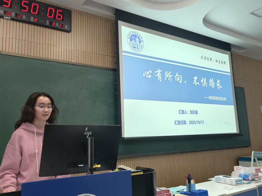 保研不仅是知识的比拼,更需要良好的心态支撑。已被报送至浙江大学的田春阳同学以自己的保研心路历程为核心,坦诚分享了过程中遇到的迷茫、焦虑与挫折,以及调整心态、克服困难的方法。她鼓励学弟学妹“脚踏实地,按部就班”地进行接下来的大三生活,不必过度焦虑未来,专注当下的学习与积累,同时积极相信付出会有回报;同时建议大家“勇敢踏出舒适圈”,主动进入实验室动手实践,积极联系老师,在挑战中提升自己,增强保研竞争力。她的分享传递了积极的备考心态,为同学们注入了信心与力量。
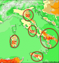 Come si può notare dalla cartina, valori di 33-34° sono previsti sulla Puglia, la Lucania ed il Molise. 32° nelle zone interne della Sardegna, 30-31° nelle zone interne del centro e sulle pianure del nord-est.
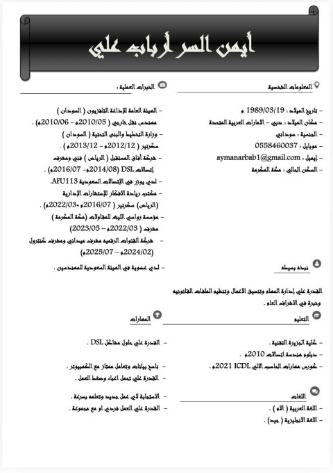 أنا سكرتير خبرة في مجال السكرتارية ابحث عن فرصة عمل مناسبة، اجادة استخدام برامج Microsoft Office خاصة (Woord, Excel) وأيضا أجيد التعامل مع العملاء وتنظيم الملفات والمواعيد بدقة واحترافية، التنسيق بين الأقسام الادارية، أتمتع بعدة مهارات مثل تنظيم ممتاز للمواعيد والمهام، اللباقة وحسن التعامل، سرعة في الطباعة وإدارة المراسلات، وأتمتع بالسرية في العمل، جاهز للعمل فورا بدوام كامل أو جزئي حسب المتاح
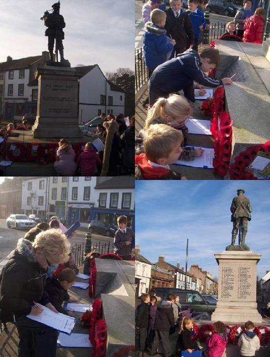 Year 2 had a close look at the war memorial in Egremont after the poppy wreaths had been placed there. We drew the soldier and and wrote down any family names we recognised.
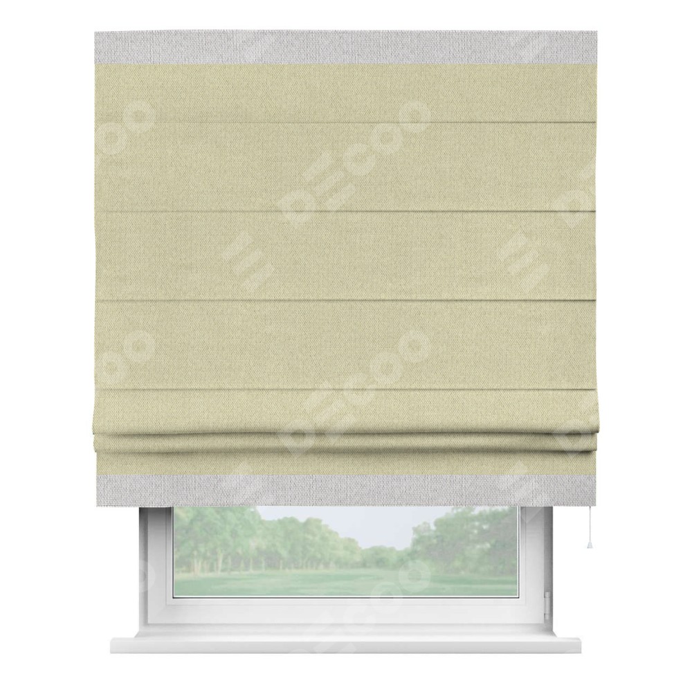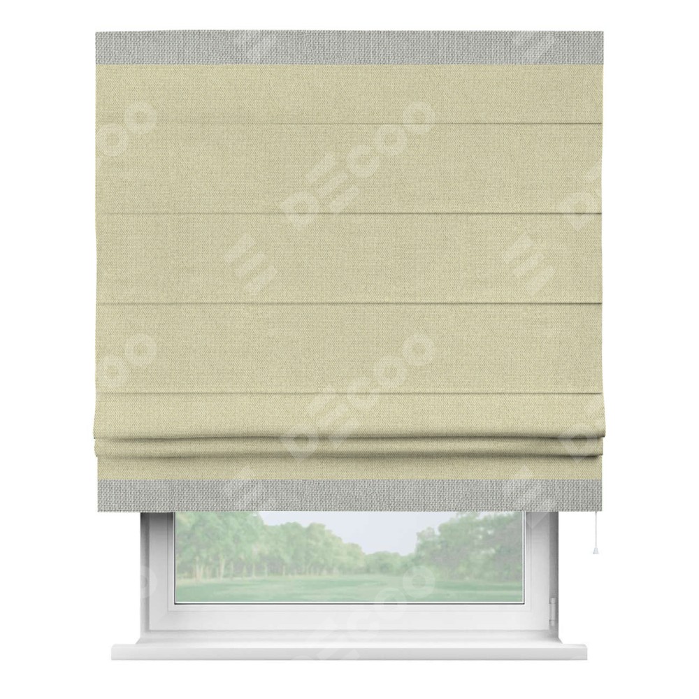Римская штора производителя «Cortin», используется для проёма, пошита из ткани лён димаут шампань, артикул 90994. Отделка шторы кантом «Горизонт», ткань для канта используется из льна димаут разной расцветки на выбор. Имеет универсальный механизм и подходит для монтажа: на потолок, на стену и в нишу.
--
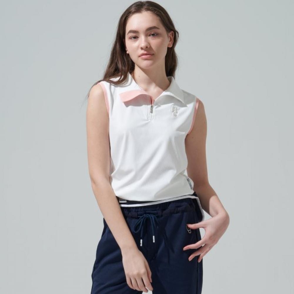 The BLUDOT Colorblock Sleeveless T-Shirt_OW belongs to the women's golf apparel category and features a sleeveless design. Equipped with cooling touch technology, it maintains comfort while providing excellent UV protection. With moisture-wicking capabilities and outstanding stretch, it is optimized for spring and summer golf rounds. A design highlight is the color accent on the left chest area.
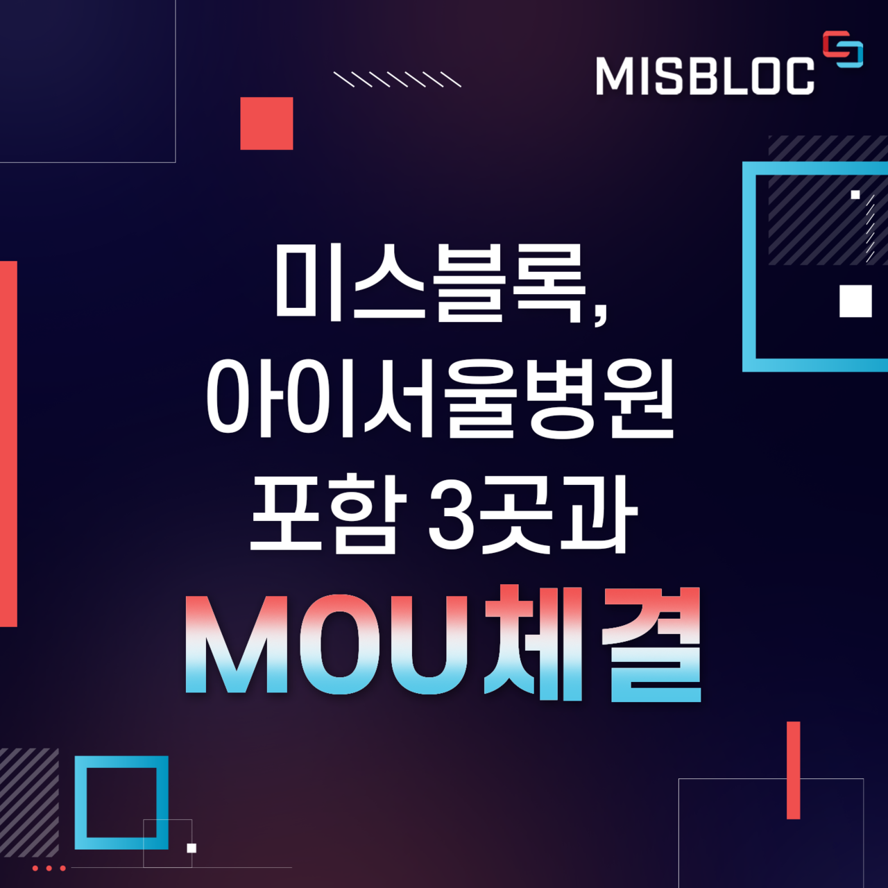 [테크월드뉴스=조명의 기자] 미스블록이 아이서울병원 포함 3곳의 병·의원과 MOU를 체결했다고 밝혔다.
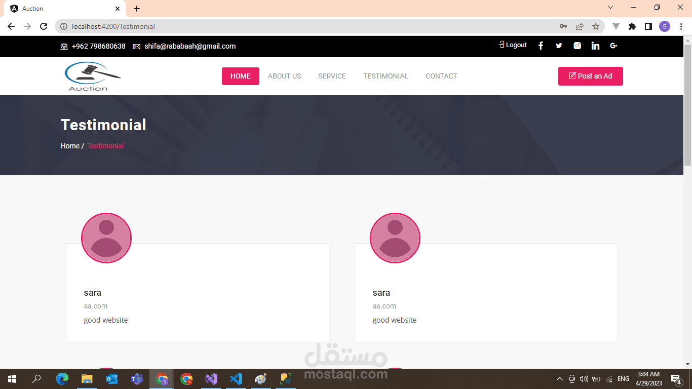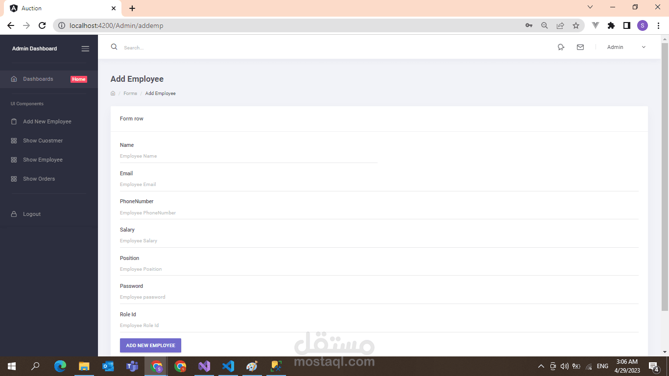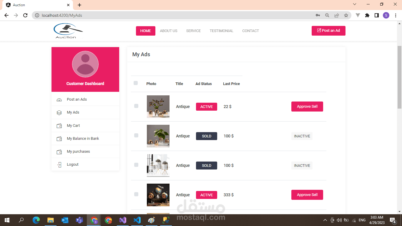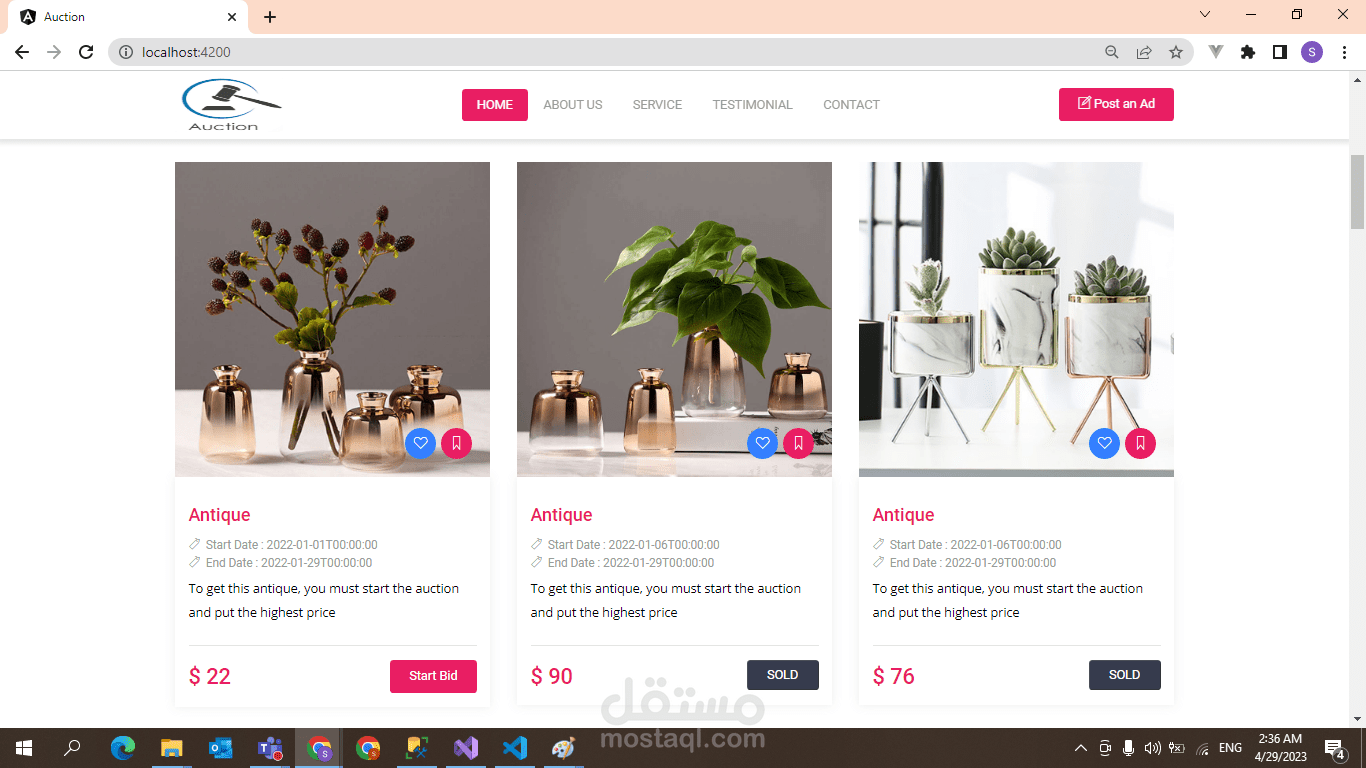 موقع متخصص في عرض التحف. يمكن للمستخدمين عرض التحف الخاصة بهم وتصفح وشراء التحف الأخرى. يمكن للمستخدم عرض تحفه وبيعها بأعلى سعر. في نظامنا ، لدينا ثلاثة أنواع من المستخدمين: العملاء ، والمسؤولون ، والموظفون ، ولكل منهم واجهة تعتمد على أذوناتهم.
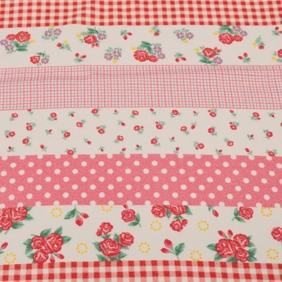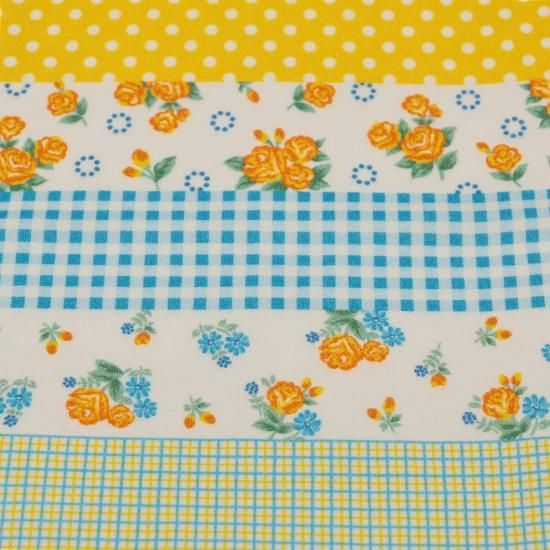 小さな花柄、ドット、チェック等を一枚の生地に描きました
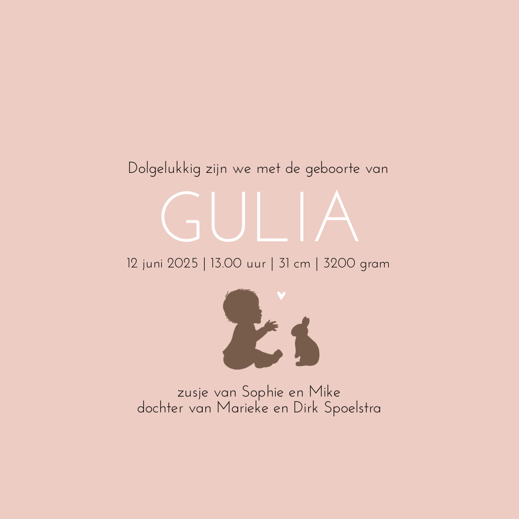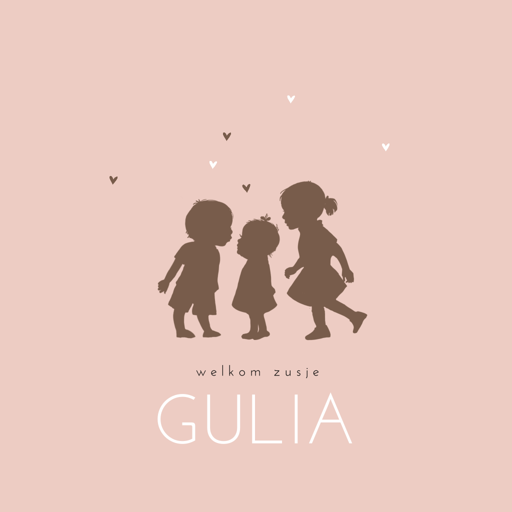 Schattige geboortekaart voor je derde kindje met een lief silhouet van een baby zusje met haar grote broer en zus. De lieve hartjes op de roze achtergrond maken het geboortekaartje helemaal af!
...
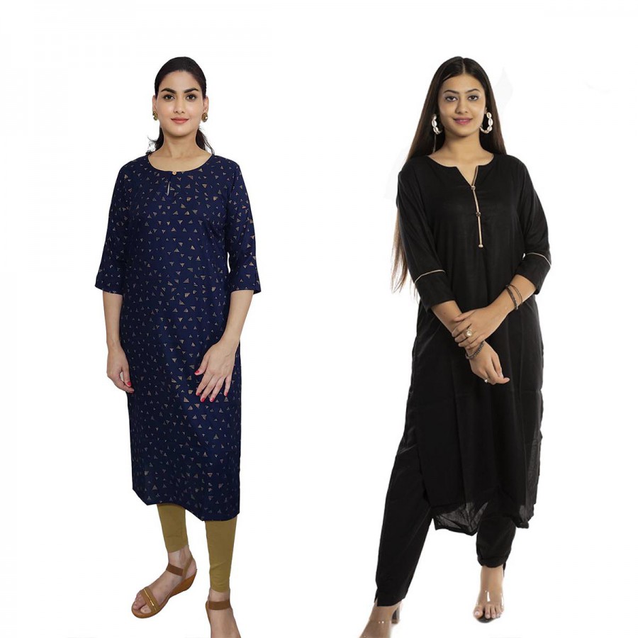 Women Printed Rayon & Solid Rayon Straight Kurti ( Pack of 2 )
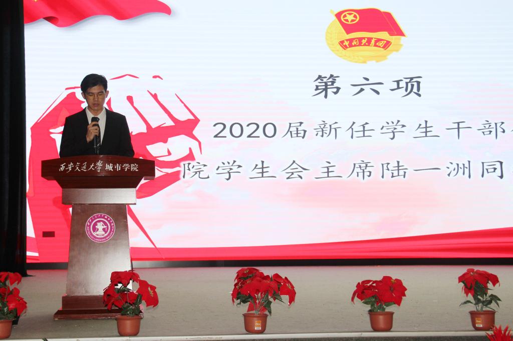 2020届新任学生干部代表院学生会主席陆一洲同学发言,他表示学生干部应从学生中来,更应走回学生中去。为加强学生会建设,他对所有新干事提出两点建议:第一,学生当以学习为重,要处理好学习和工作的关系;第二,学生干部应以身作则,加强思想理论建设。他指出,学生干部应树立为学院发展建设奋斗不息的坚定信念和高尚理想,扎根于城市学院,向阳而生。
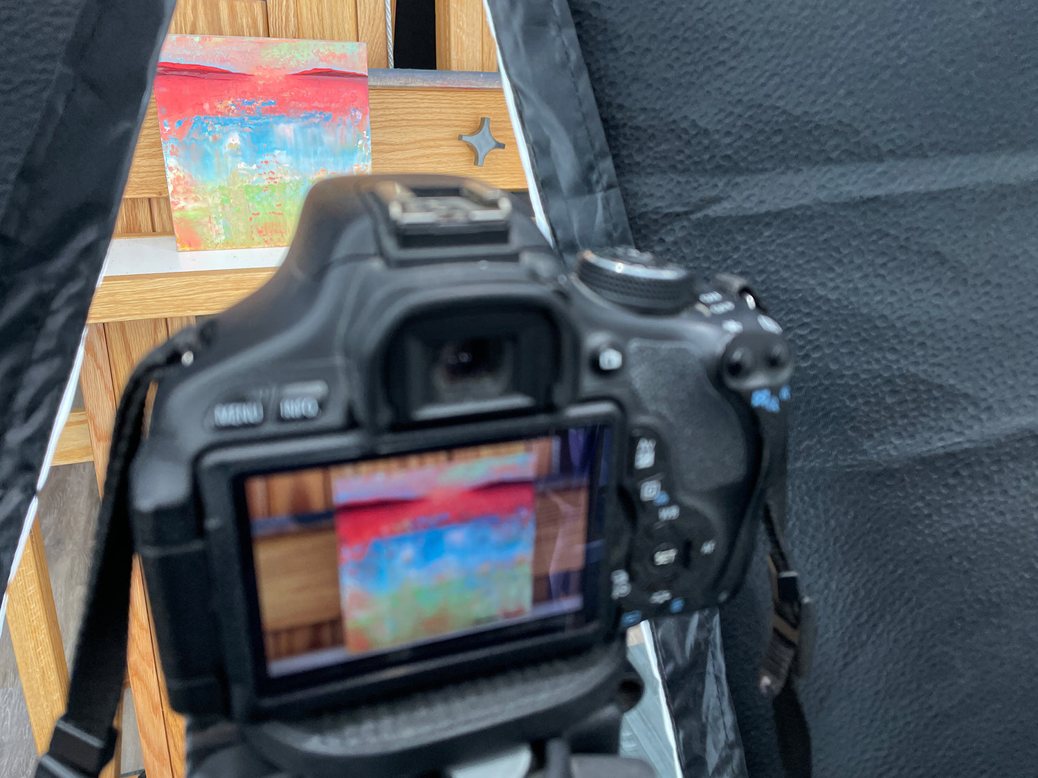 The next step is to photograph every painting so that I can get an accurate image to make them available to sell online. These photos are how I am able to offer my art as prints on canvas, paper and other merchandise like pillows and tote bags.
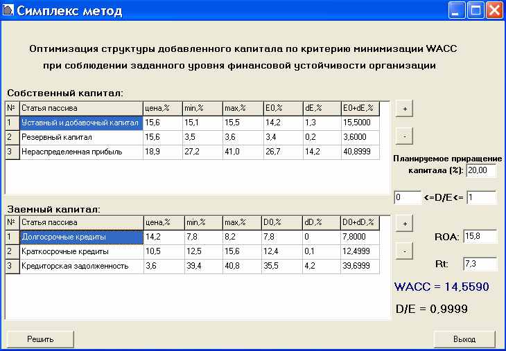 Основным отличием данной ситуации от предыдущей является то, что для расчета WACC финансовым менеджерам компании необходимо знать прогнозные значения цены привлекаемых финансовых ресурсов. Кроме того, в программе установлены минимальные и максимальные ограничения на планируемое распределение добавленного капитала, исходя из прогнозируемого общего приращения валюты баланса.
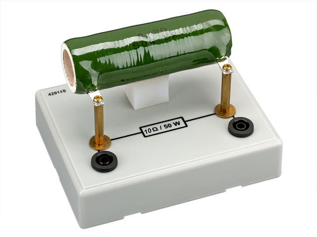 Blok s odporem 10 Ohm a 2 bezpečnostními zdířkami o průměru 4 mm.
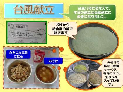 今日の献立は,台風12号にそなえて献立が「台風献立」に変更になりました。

EXERCISE OBJECTIVE: Leaving every picture aside, reproduce exactly the lines above from the one with "Основным отличием данной" up to and including the one with "今日の献立は,台風12号にそなえて献立が「台風献立」に変更になりました。", and no others.

SOLUTION TO THE PROBLEM:
 Основным отличием данной ситуации от предыдущей является то, что для расчета WACC финансовым менеджерам компании необходимо знать прогнозные значения цены привлекаемых финансовых ресурсов. Кроме того, в программе установлены минимальные и максимальные ограничения на планируемое распределение добавленного капитала, исходя из прогнозируемого общего приращения валюты баланса.
 Blok s odporem 10 Ohm a 2 bezpečnostními zdířkami o průměru 4 mm.
 今日の献立は,台風12号にそなえて献立が「台風献立」に変更になりました。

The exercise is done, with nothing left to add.